The Sue Crockford Gallery was a contemporary art dealer gallery in Auckland, New Zealand.
Sue Crockford's career in the visual arts began with her role as an Arts Advisory Officer in the Department of Education. When she and her husband, art historian Francis Pound, travelled to New York in 1982 they visited a number of dealer art galleries.[1] On their return, Crockford resolved to open a dealer gallery in Auckland and early in 1985 she opened the Sue Crockford Gallery on Albert Street.[2] The following the gallery moved to Archilles House in Commerce Street[3] and in 1995 to the second floor of the Endeans Building,[4] where it remained until the gallery closed in 2012. Sue Crockford died in 2023.
The Sue Crockford Gallery opened with a group of eight foundation artists: Gretchen Albrecht, Jacqueline Fraser, Robert Jesson, Richard Killeen, Maria Olsen, John Reynolds, James Ross and Denys Watkins. The gallery expanded this group over the years with artists including Billy Apple, Daniel Burren, Julian Dashper, Milan Mrkusich, Marie Shannon, Yuk King Tan, Kathy Temin and Gordon Walters.
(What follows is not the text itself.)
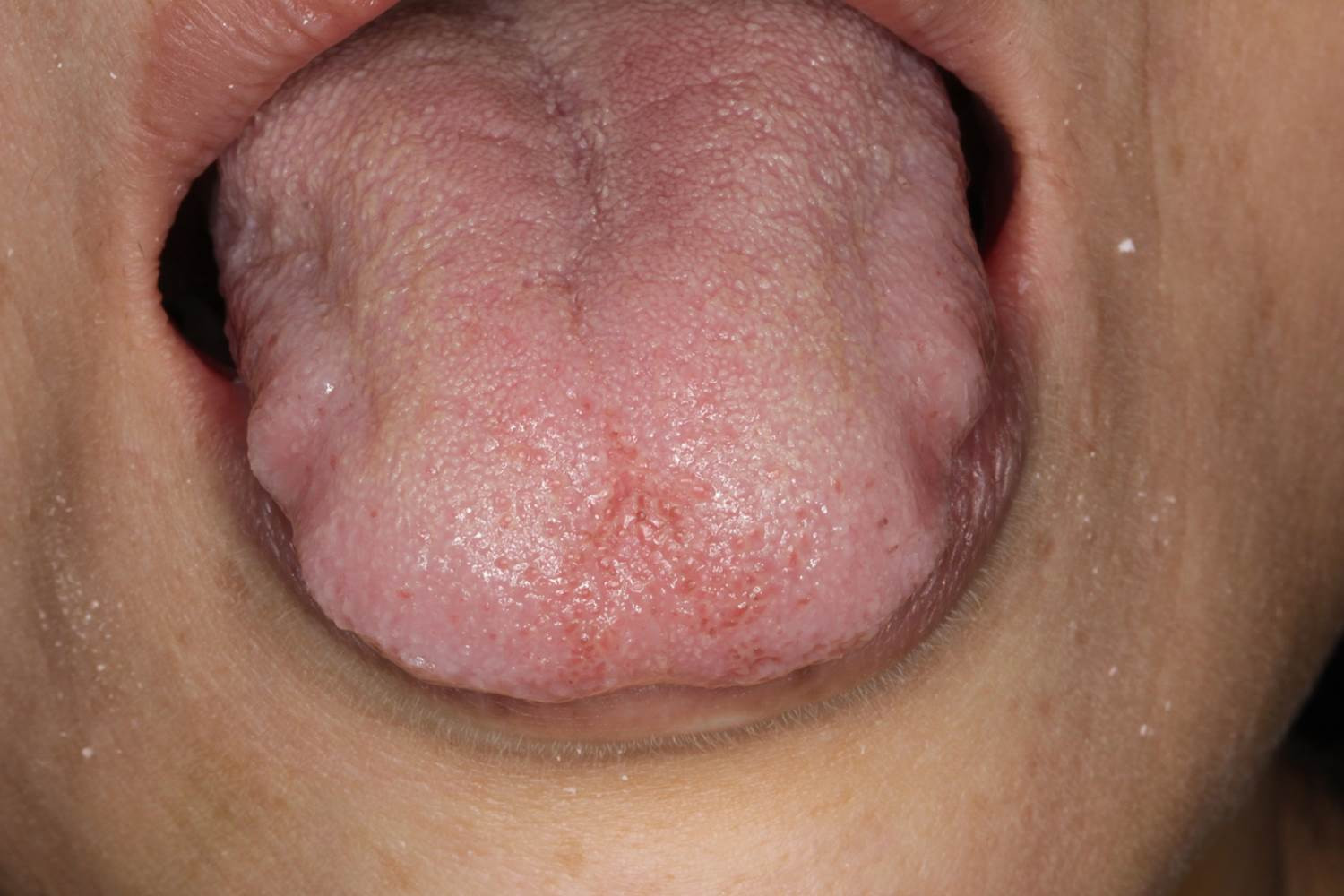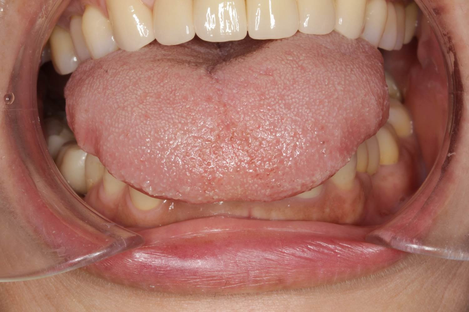 本症例では、上下の前歯に出来る僅かなスペースに、舌を緊張させて舌先を無意識のうちに隙間に押し込み、口腔内の乾燥を防いでいた、と予想致しました。通常は、リラックスした舌の場合、舌先部は上の前歯の裏側の歯茎にある切歯乳頭部に触れている状態で弛緩していることが望ましいとされています。緊張状態が続いていた為、舌の側面が歯奥に押し付けられて、舌痛の原因になっている可能性が高いと判断致しました。

Buren (France) was one of the international artists who showed with the gallery along with Sol Lewitt (USA) and Pae White (USA). The gallery also worked with Buren to produce an artist's book for his exhibition.[5] Buren's exposure in New Zealand through this exhibition led to him being commissioned to build one of the largest sculptures on the Gibbs Farm sculpture park north of Auckland.[6]
Ralph Hotere and Bill Culbert met at the Sue Crockford Gallery and in this exhibition laid the ground work[7] [8] for their joint installation on the façade of the City Gallery, known as Fault.[9]
This solo exhibition by Richard Killeen ‘engaged with some of the dialogue’ and used images related to the exhibition that had caused considerable controversy.[10] The key issue in contention concerned Gordon Walters, a Crockford Gallery artist, who Killeen and others felt to have been demeaned both by his positioning in the exhibition and in an essay by art historian Rangihiroa Panoho.[11]
Art critic Wystan Curnow wrote of the exhibition that it was, "one of those moments in an artist's career when the work suddenly makes a new and deeper sense to [the artist] and to their most engaged viewers".[12]
This was the final solo exhibition to be held at the Sue Crockford Gallery.[13]
When the Sue Crockford Gallery opened in the mid-1980s, it was considered to be extremely progressive with its large exhibition space, its decision not to take part in the secondary re-sale market and a dedication to a carefully selected group of younger artists.[14] Sue Crockford's sophisticated style was expressed in the New York look of the gallery with its high ceilings and wooden floors. The artist John Reynolds described the first exhibition space as ‘a clean white cube idea of a gallery – lots of light, lots of space for the art and minimal distraction.’[15]